Washington (GGM) Analysis | March 8, 2020
NoreenProfilePicHillReport-75 by Noreen Wise

After Trump’s recent roll back of Obama’s Clean Water Act, we have to be more mindful than ever of what we can do as individual citizens to be the stewards of our community water supply in the hopes that we can minimize the negative fallout now that these life-saving federal regulations have been repealed.

I feel traumatized by the horrible news that 60% of our waters will again be unprotected. Climate change has created a seemingly apocalyptic ripple effect from the fallout of the flooding and run off that occurs from the now regular rain bombs, as well as the threat of the new Category 6 hurricanes (not that the National Hurricane Center has officially added Category 6 to the Saffir-Simpson Scale, but recent Hurricane Dorian with winds of 185 mph that flattened the Bahamas, was so far off the charts there’s certainly been a fewa discussions about the need to do so).

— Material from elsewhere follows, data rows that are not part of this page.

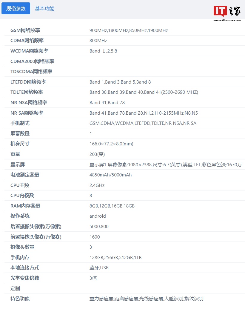 该机的 CPU 主频 2.4GHz,RAM 提供 8GB、12GB、16GB、18GB 四个版本,存储空间提供 128GB、256GB、512GB、1TB 四个版本。此外,该机后置 5000 万像素、800 万像素双摄,前置 1600 像素镜头。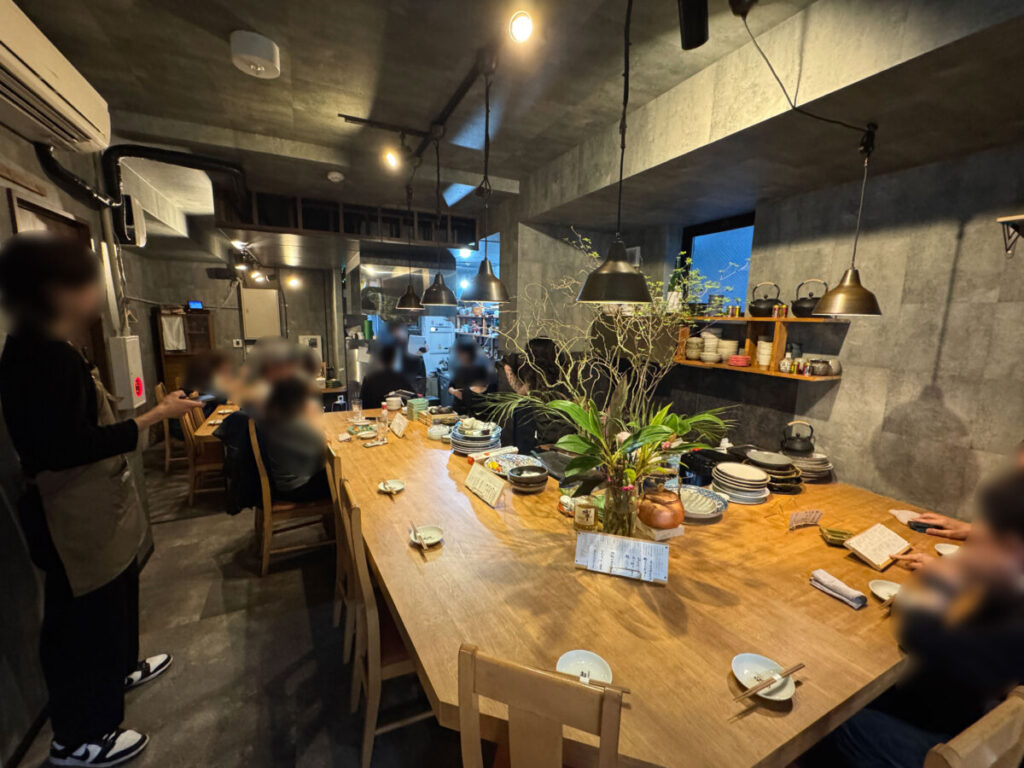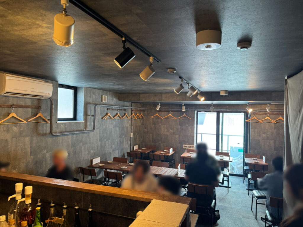 店内に入ってみると、コンクリート打ちっぱなしでクルーな内装。1階はカウンター席が14席。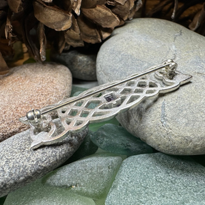 Solid Sterling Silver - 2" x 1/2" with .75 carat faceted amethyst gemstone. 1 1/2" locking silver pin on the back of the brooch.
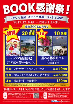 「BOOK感謝祭!」でも、参加する四国4県107の書店にて抽選プレゼント企画を実施します。四国を代表する総合レジャー施設「レオマリゾート」を運営する株式会社レオマユニティー(代表取締役社長:藤岡 勇)とのタイアップによって、レオマリゾートペアフリーパスや同施設内にある「ホテルレオマの森」のペア宿泊券などをご用意したほか、四国エリアで様々なアクティビティが行える体験ギフトと図書カードもプレゼント対象です。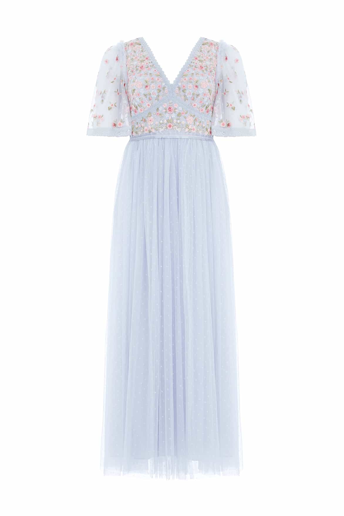 The Ribbon Bouquet Bodice Ankle Gown in Blue / Pink Multi. The bodice of this gown is intricately designed with embroidered bouquets of flowers in rich tones, inspired by a 1930s vintage print. Beautifully adorned with delicate lace trims for signature Needle & Thread detailing. The skirt features layers of tulle to create a romantic silhouette. The perfect gown for an upcoming occasion.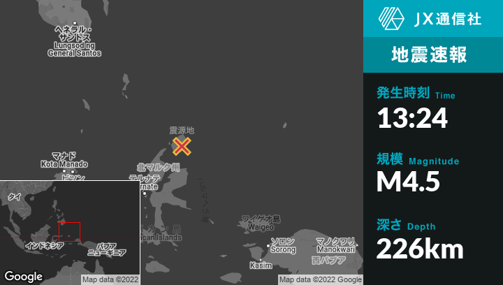 | 震源地 | インドネシアのTobeloから北東92kmの地点 |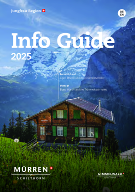Unser Guide versorgt dich auf 80 Seiten mit Informationen und Insidertipps zu den schönsten Ausflugszielen und Aktivitäten in der Jungfrau Region. Aber auch kulinarische Empfehlungen und historische Facts kommen in dem kostenlosen Guide nicht zu kurz. Er ist in Deutsch, Englisch und Französisch erhältlich. Auf dieser Seite kannst du jeweils die aktuelle Version herunterladen. Ebenso die Broschüren der Resorts.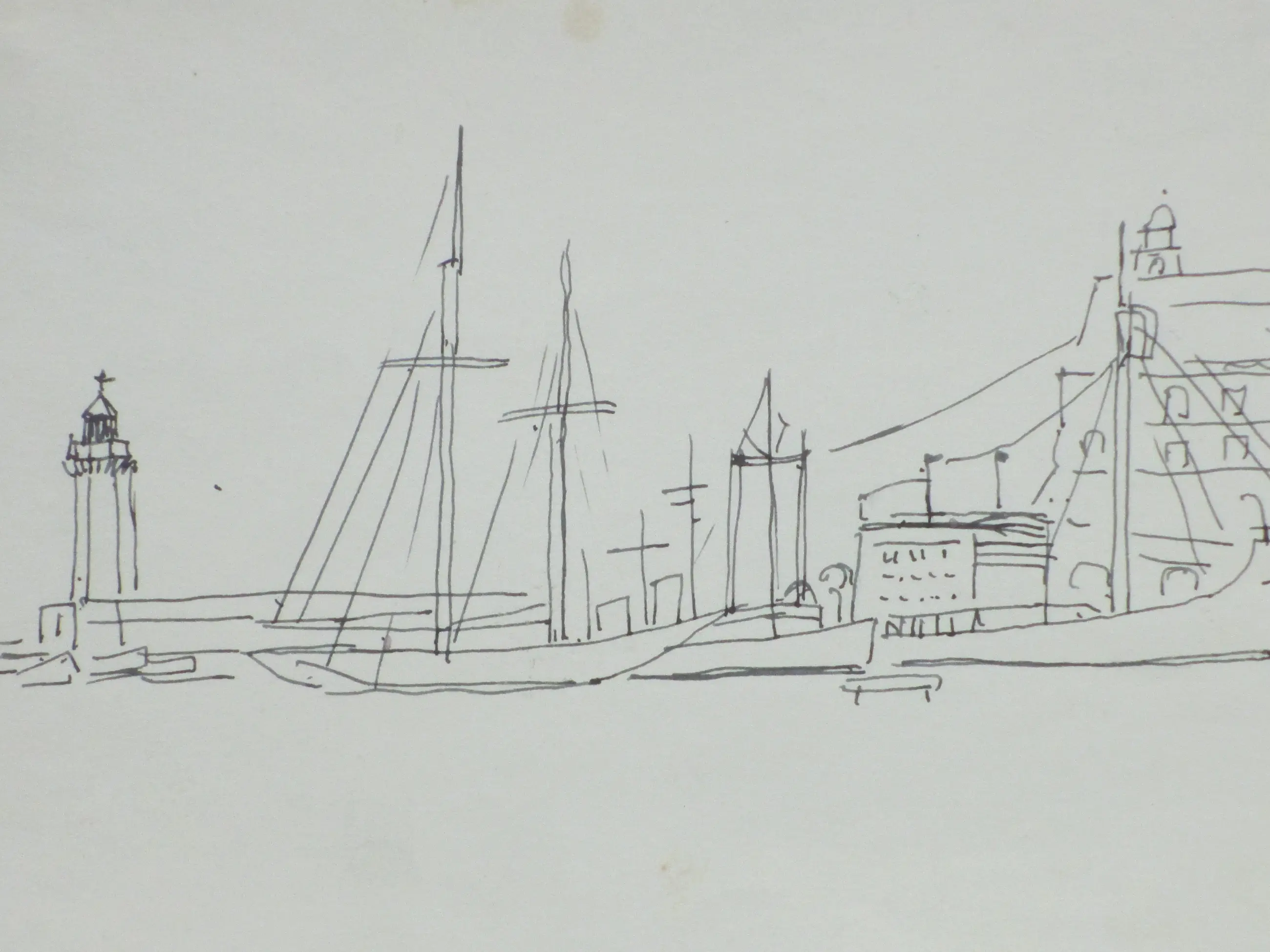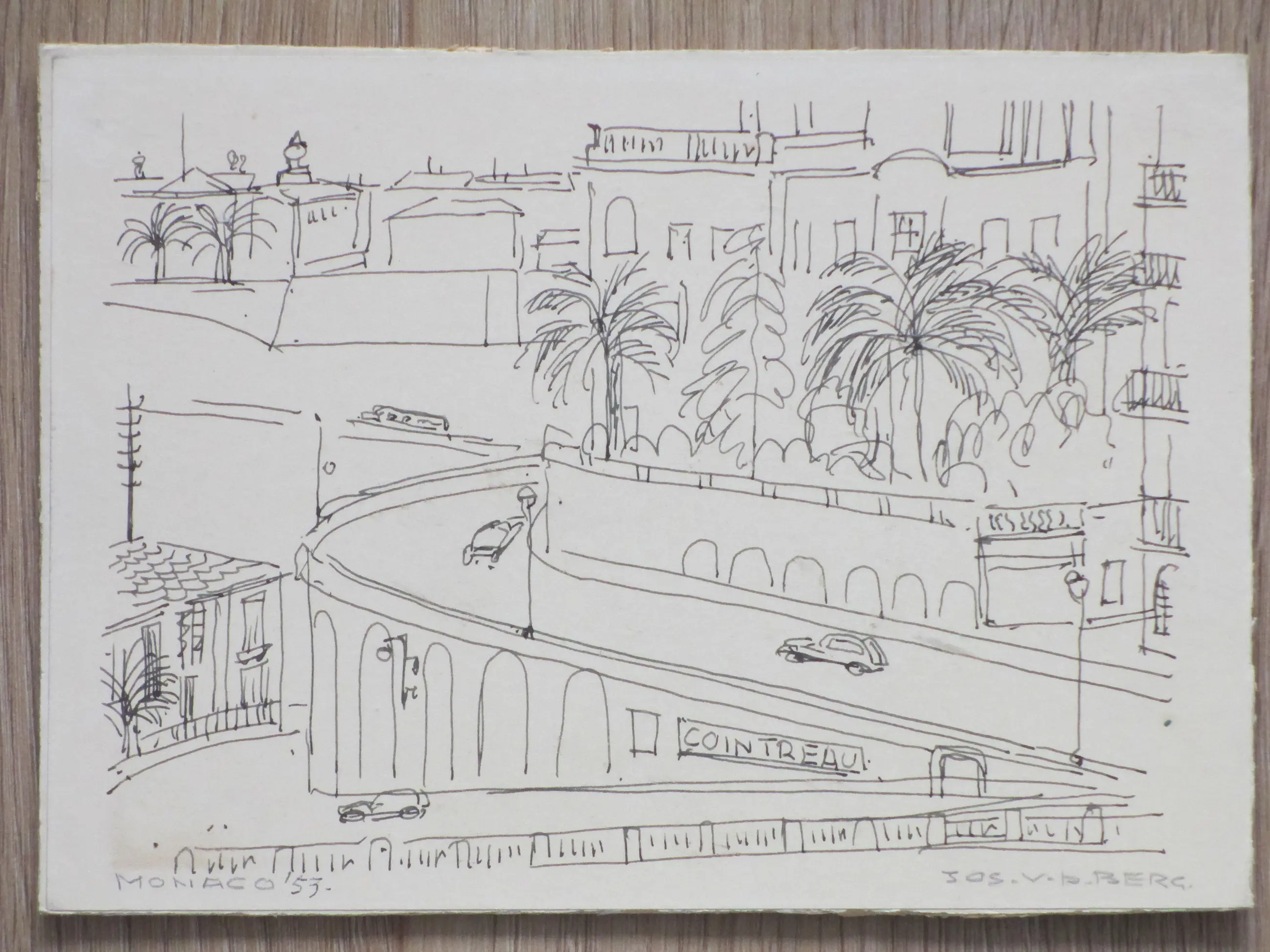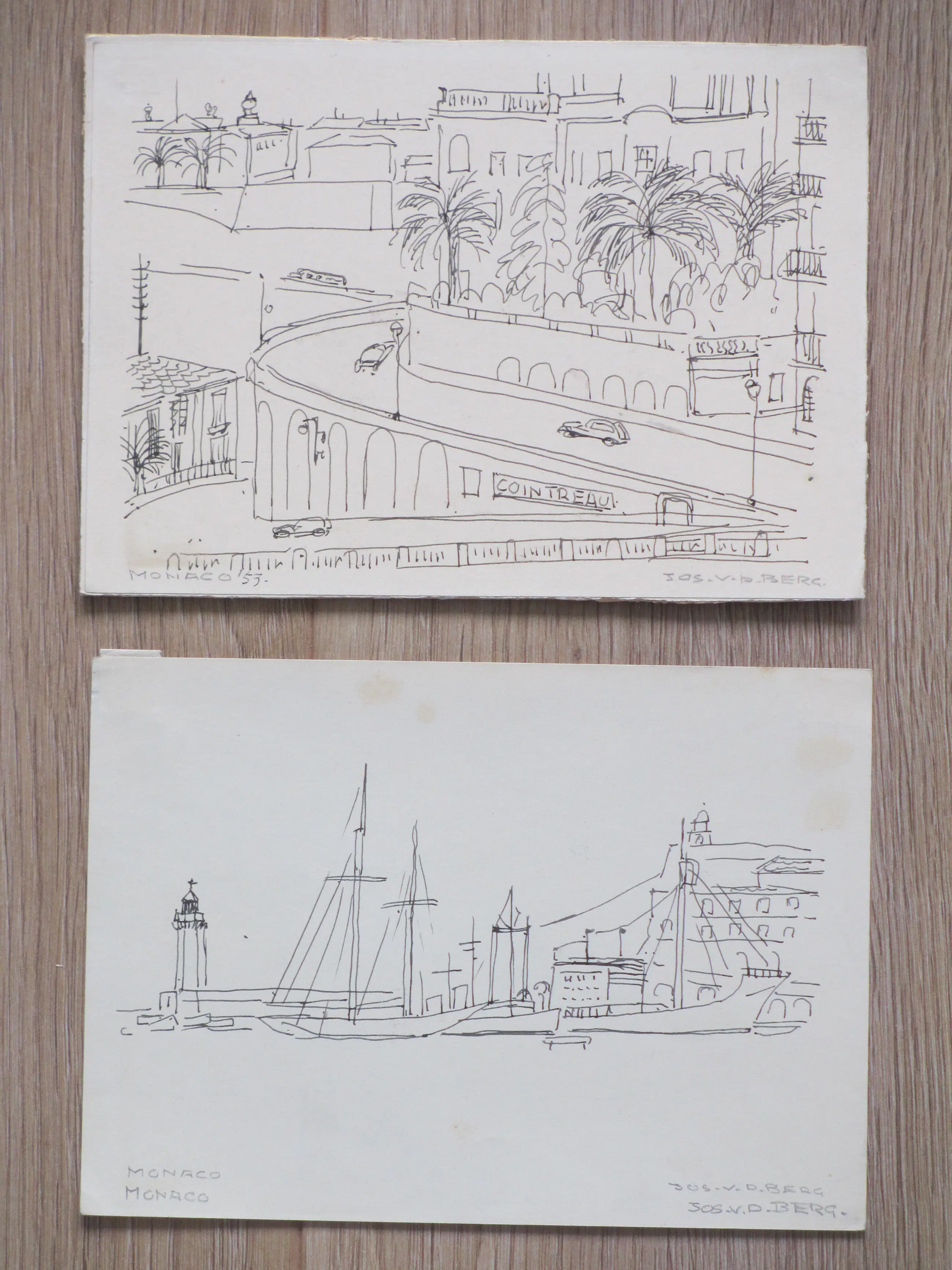Twee tekeningen door Jos van den Berg Voorstellingen van een stads- en een havengezicht van Monaco Beiden losbladig, bladmaten 15x20 Beiden gesigneerd in potlood r.o.: 'Jos v.d. Berg' Stadsgezicht getiteld en gedateerd l.o.: 'Monaco '53' Authenticiteit volledig gegarandeerd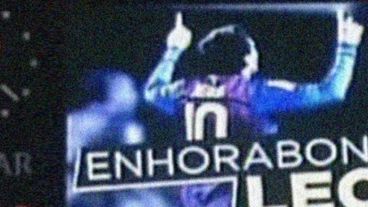 "Enhorabuena, Leo", rezaba la pantalla gigante en el estadio blaugrana luego de la segunda conquista del argentino, a modo de felicitación.

Factor in the flooding of superfund sights alone, during this age of climate change, and the frightening consequences for future generations in the calamitous way that water pollutants cause birth defects. This reality is already rattling nerves and alarming homeowners close to these toxic sights. The unseen leaking of life-threatening pollutants  into ground water from buried storage tanks is certainly of grave concern, but all the more troubling is seeing the vacant wastelands flood and the damaging toxic waters flow through town drains as well as the surrounding nearby community property.

Farmland with pesticides and fertilizer is equally as concerning. Weather bombs know no borders. Heavy rains will spread these toxins for miles. They’re usually invisible, but the damage they cause humans is very tangible and physical.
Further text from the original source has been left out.